__Problem description__
Among the entries below, one line contains "На страницах сайта" and another contains "DESCRIPTION:Feminine georgette mini". Transcribe those two lines and every line between them, exactly.

__Dataset excerpts__
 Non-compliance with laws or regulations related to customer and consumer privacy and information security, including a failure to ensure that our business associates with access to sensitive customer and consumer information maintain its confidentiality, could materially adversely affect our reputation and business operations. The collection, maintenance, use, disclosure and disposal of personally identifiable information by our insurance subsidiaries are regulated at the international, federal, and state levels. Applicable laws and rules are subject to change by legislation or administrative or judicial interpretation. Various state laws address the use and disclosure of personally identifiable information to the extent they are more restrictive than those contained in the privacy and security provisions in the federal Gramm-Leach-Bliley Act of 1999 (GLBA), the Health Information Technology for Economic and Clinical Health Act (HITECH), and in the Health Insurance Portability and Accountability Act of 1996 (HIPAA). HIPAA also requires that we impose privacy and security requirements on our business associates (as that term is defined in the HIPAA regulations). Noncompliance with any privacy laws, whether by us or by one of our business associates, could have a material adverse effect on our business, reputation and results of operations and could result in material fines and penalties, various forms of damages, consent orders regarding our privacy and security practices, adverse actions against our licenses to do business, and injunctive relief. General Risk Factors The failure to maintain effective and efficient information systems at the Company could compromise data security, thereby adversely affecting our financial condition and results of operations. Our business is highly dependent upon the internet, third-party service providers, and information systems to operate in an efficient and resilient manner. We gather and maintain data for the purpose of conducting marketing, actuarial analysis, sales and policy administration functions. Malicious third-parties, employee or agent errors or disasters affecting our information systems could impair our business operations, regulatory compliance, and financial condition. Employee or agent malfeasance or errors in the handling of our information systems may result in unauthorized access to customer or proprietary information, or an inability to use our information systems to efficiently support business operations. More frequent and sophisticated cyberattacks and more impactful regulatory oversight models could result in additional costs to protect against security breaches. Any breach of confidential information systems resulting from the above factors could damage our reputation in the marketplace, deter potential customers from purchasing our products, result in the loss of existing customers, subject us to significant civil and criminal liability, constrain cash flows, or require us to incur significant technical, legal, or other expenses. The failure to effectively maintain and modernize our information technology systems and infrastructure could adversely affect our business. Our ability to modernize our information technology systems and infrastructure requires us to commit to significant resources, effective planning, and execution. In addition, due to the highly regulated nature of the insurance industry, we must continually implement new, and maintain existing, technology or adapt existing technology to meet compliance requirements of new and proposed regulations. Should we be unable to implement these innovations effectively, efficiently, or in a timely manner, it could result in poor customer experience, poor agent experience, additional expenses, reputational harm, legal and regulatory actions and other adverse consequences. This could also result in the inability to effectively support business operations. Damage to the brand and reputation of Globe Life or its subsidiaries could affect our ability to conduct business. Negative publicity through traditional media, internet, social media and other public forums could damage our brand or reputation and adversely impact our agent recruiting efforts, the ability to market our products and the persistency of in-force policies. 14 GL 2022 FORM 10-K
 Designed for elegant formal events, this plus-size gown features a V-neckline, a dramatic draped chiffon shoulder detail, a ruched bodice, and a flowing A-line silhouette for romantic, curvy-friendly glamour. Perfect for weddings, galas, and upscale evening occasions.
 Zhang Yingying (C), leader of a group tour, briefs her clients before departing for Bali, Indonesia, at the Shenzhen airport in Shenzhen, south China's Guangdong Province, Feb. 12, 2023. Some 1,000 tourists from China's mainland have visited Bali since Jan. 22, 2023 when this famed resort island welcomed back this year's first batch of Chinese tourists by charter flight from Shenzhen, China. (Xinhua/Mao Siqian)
...
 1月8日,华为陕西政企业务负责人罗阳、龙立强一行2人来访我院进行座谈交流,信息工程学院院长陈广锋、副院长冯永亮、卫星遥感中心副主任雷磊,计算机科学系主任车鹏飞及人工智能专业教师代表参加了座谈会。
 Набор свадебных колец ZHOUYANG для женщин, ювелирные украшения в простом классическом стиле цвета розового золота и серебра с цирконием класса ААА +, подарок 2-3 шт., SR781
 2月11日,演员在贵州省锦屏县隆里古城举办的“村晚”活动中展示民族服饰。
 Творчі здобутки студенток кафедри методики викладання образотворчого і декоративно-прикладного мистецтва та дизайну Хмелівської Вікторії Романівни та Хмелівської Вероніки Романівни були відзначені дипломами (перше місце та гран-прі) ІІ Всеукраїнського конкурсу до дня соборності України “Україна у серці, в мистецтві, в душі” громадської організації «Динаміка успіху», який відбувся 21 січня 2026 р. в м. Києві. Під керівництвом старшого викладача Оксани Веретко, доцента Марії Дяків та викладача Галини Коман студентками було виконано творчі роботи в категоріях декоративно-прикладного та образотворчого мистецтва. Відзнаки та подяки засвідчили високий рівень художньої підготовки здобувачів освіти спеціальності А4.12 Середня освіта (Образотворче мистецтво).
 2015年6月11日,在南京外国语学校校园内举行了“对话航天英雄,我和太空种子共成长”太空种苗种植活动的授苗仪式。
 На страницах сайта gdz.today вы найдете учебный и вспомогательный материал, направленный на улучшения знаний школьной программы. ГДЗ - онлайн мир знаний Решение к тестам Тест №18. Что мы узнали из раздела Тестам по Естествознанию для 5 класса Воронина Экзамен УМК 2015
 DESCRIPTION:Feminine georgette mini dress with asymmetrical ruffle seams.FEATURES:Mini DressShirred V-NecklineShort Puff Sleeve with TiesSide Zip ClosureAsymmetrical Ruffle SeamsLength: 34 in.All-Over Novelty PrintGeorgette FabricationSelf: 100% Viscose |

__Written reply__
 На страницах сайта gdz.today вы найдете учебный и вспомогательный материал, направленный на улучшения знаний школьной программы. ГДЗ - онлайн мир знаний Решение к тестам Тест №18. Что мы узнали из раздела Тестам по Естествознанию для 5 класса Воронина Экзамен УМК 2015
 DESCRIPTION:Feminine georgette mini dress with asymmetrical ruffle seams.FEATURES:Mini DressShirred V-NecklineShort Puff Sleeve with TiesSide Zip ClosureAsymmetrical Ruffle SeamsLength: 34 in.All-Over Novelty PrintGeorgette FabricationSelf: 100% Viscose |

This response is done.